- [WHAT YOU ARE ASKED TO DO] With the pictures left out, write out exactly the lines of the listing below that run from the line with "2024年10月8日,我校赴" through the line with "CIELCh 49.889,78.251,296.013 Color".

- [EXTRACTED INFORMATION]

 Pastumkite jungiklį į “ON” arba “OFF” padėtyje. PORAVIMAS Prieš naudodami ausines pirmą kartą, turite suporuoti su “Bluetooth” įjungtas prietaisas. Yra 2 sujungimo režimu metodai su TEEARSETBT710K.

--

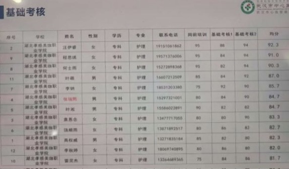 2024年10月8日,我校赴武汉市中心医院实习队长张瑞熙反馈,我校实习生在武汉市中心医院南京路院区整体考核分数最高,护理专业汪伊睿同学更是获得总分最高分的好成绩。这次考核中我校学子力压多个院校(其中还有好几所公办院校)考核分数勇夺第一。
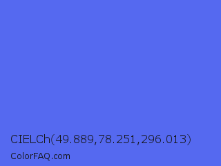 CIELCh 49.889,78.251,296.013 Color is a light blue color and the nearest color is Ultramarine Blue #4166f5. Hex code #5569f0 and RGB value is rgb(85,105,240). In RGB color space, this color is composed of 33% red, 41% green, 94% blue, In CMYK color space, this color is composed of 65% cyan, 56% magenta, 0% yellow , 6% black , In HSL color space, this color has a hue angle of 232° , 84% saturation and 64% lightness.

- [ANSWER SPACE]
 2024年10月8日,我校赴武汉市中心医院实习队长张瑞熙反馈,我校实习生在武汉市中心医院南京路院区整体考核分数最高,护理专业汪伊睿同学更是获得总分最高分的好成绩。这次考核中我校学子力压多个院校(其中还有好几所公办院校)考核分数勇夺第一。
 CIELCh 49.889,78.251,296.013 Color is a light blue color and the nearest color is Ultramarine Blue #4166f5. Hex code #5569f0 and RGB value is rgb(85,105,240). In RGB color space, this color is composed of 33% red, 41% green, 94% blue, In CMYK color space, this color is composed of 65% cyan, 56% magenta, 0% yellow , 6% black , In HSL color space, this color has a hue angle of 232° , 84% saturation and 64% lightness.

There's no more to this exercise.